(Recorded data)
----
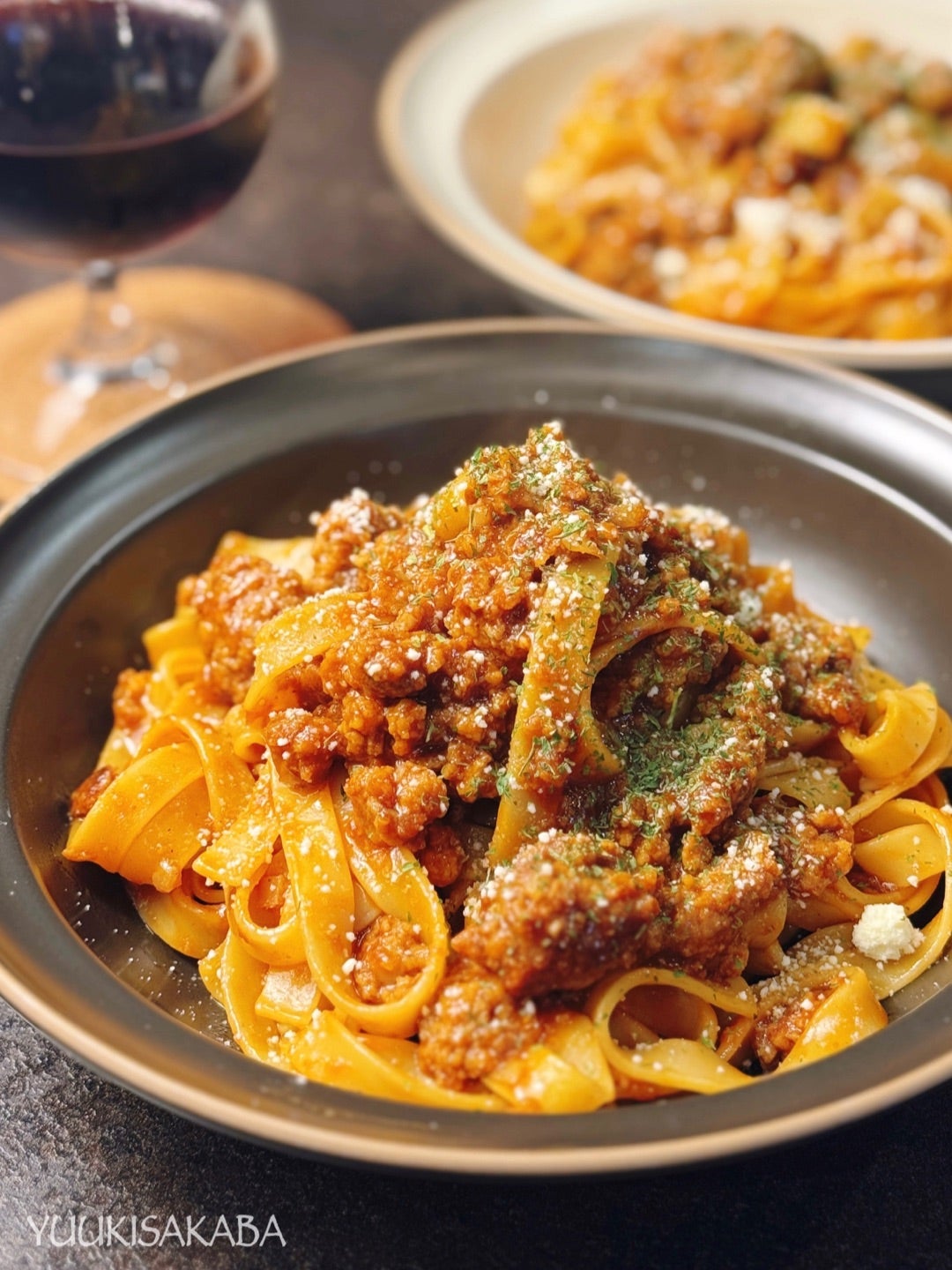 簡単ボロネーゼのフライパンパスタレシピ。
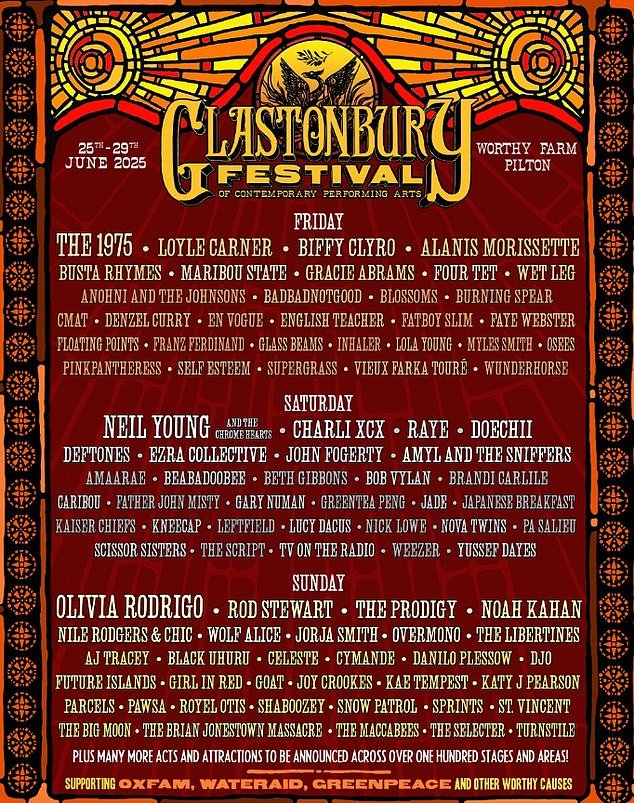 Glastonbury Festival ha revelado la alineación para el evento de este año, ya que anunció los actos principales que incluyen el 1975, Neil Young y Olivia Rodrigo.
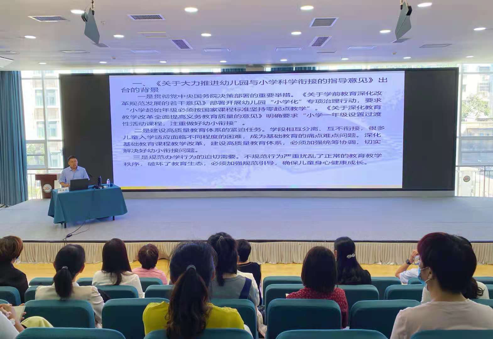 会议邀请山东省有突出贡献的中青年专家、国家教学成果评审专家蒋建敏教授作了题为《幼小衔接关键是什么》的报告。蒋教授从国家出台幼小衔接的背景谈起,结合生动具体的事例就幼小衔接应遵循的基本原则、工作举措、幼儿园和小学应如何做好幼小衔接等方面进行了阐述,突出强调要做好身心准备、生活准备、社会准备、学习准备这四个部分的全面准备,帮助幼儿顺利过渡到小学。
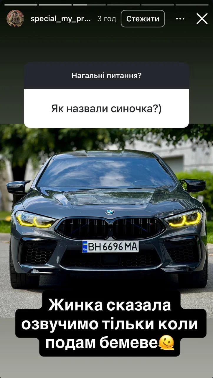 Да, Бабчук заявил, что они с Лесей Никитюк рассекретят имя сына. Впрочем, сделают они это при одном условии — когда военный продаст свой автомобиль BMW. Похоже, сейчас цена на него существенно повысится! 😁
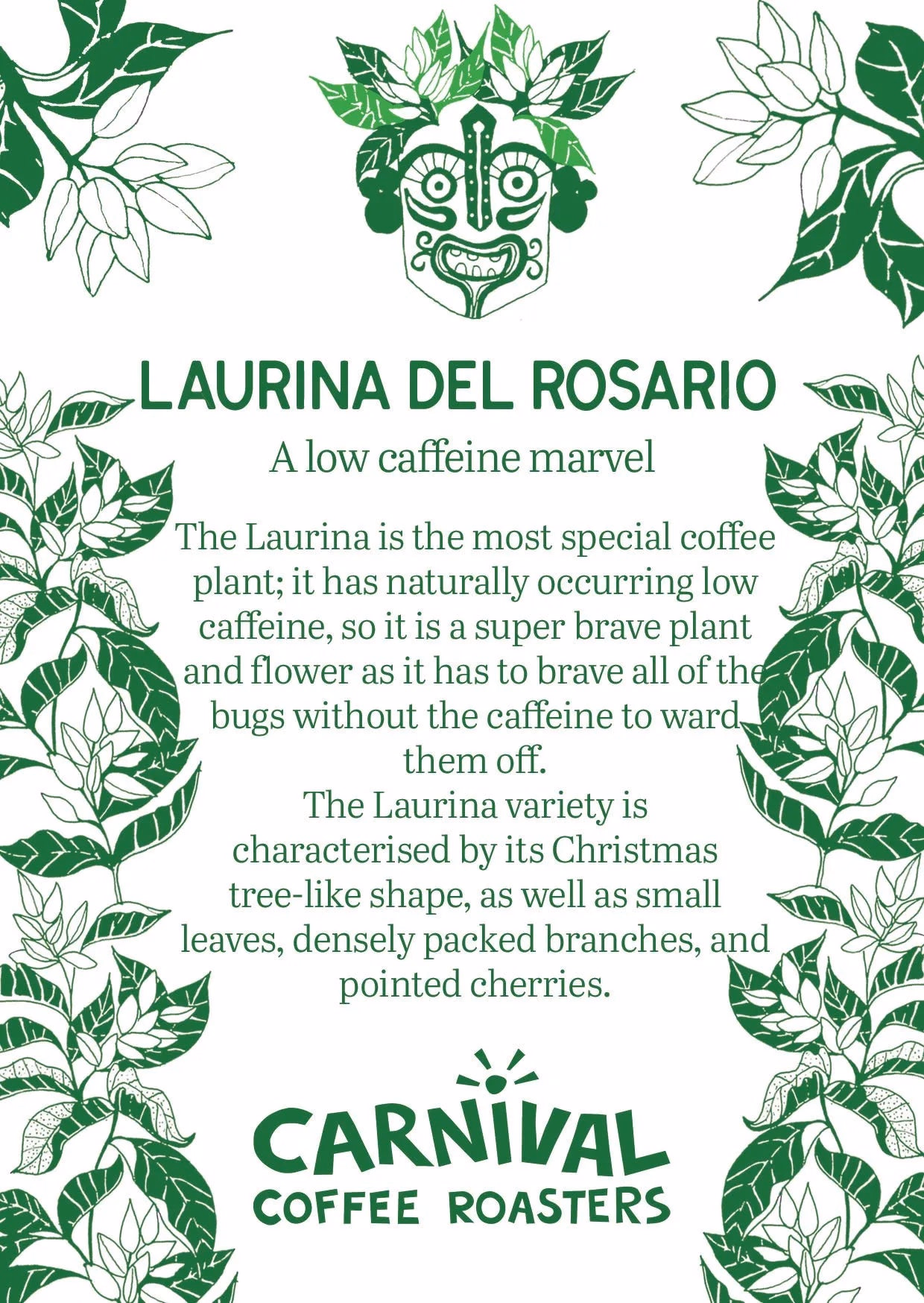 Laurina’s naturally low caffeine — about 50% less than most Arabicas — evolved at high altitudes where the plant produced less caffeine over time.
----
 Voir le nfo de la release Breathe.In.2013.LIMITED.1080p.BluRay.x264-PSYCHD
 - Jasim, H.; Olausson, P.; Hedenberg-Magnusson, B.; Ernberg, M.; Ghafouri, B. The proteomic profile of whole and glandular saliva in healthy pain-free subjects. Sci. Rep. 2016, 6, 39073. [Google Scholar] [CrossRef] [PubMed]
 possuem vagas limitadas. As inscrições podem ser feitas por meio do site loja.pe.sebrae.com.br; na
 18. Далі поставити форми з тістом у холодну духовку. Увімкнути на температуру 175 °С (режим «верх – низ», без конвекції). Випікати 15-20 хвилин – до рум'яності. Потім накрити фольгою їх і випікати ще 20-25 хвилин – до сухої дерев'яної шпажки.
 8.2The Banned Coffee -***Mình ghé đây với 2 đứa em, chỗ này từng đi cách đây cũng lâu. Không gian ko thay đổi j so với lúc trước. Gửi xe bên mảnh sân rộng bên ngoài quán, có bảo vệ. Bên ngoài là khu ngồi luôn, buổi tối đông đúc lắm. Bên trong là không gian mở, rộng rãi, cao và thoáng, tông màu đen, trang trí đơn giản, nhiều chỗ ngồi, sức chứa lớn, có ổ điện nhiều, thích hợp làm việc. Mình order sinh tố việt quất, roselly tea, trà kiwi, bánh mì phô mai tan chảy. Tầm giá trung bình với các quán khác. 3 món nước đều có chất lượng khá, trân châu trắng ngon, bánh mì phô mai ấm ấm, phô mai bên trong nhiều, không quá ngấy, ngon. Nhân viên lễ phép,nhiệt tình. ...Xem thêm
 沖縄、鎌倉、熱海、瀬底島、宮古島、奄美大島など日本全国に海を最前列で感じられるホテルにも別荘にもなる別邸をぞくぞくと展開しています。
----
- WORK TASK
Set the pictures aside and reproduce exactly the lines above, from the line holding "Да, Бабчук заявил, что" through the line holding "Laurina’s naturally low", both included, with nothing else.

- COMPLETED TASK
 Да, Бабчук заявил, что они с Лесей Никитюк рассекретят имя сына. Впрочем, сделают они это при одном условии — когда военный продаст свой автомобиль BMW. Похоже, сейчас цена на него существенно повысится! 😁
 Laurina’s naturally low caffeine — about 50% less than most Arabicas — evolved at high altitudes where the plant produced less caffeine over time.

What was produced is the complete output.